### WHAT IS REQUIRED
Transcribe the listing underneath, keeping each word exact and omitting the images.

### RECORDED DATA
↓

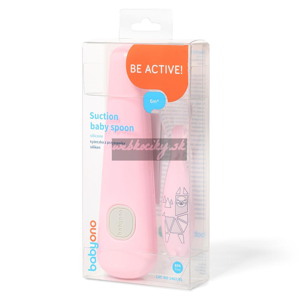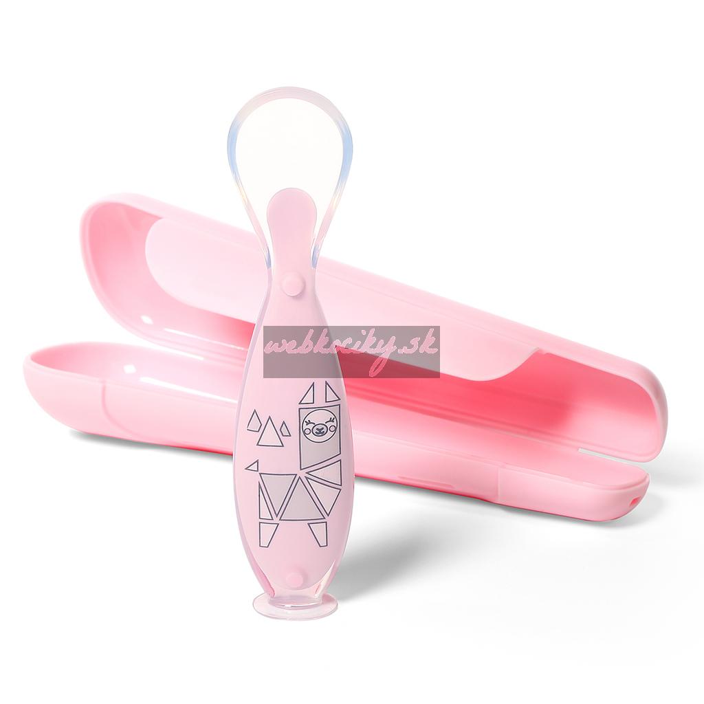 BABYONO Lyžička silikónová s obalom ružová 6m+
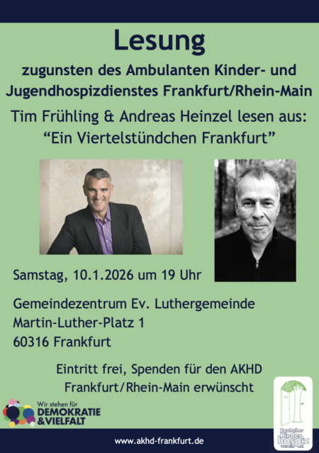 Die Lesung findet zugunsten des Ambulanten Kinder- und Jugendhospizdienstes Frankfurt / Rhein-Main statt.
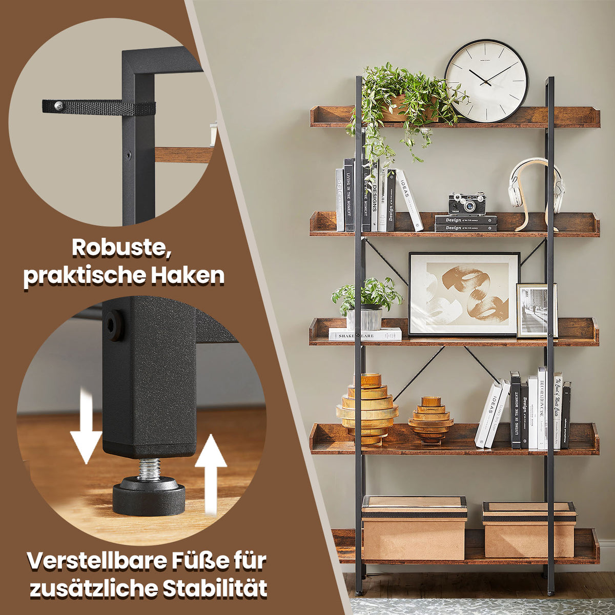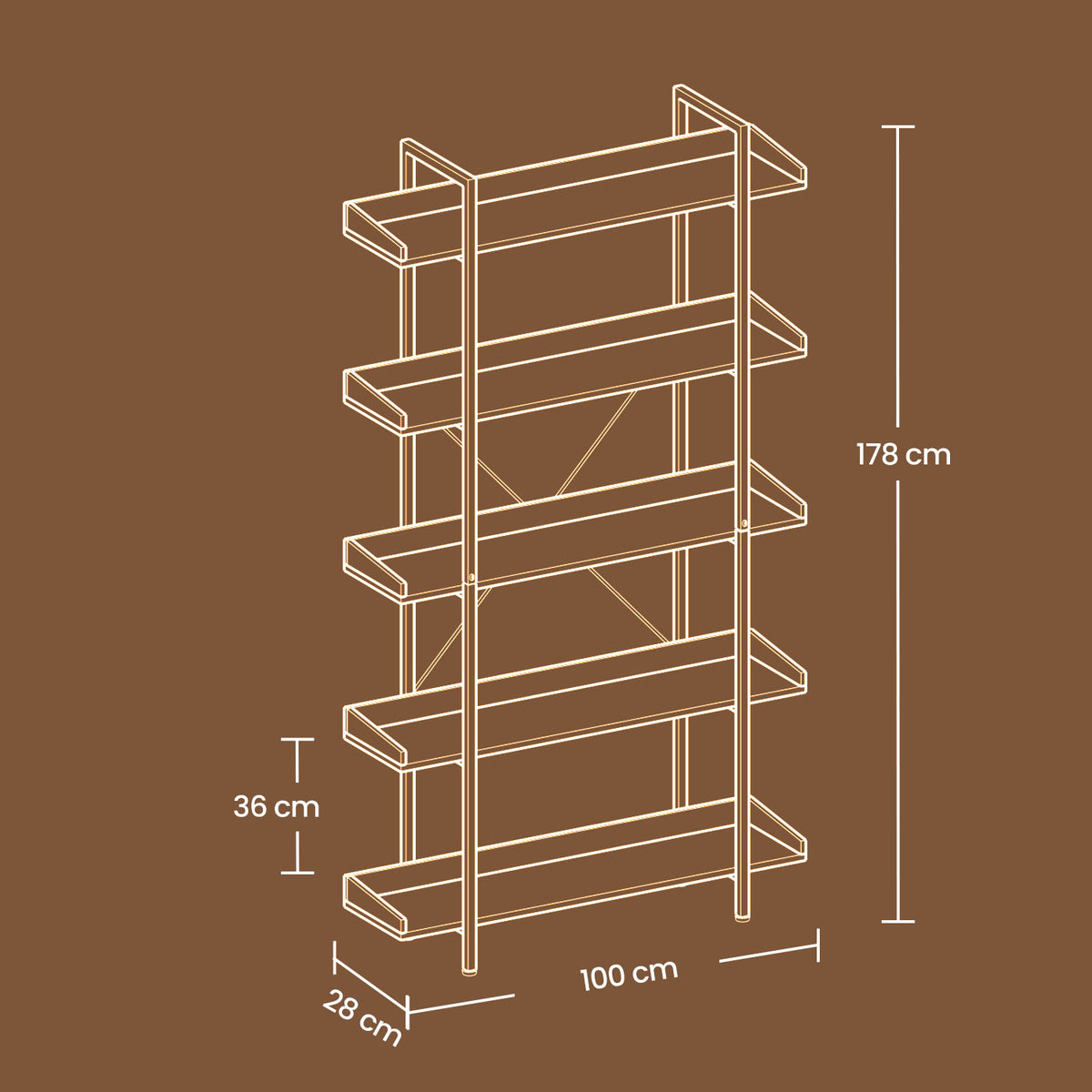 Boekenplank met 5 niveaus 100 x 28 x 178 cm - LLSB35110B01

↑

### WRITTEN SOLUTION
 BABYONO Lyžička silikónová s obalom ružová 6m+
 Die Lesung findet zugunsten des Ambulanten Kinder- und Jugendhospizdienstes Frankfurt / Rhein-Main statt.
 Boekenplank met 5 niveaus 100 x 28 x 178 cm - LLSB35110B01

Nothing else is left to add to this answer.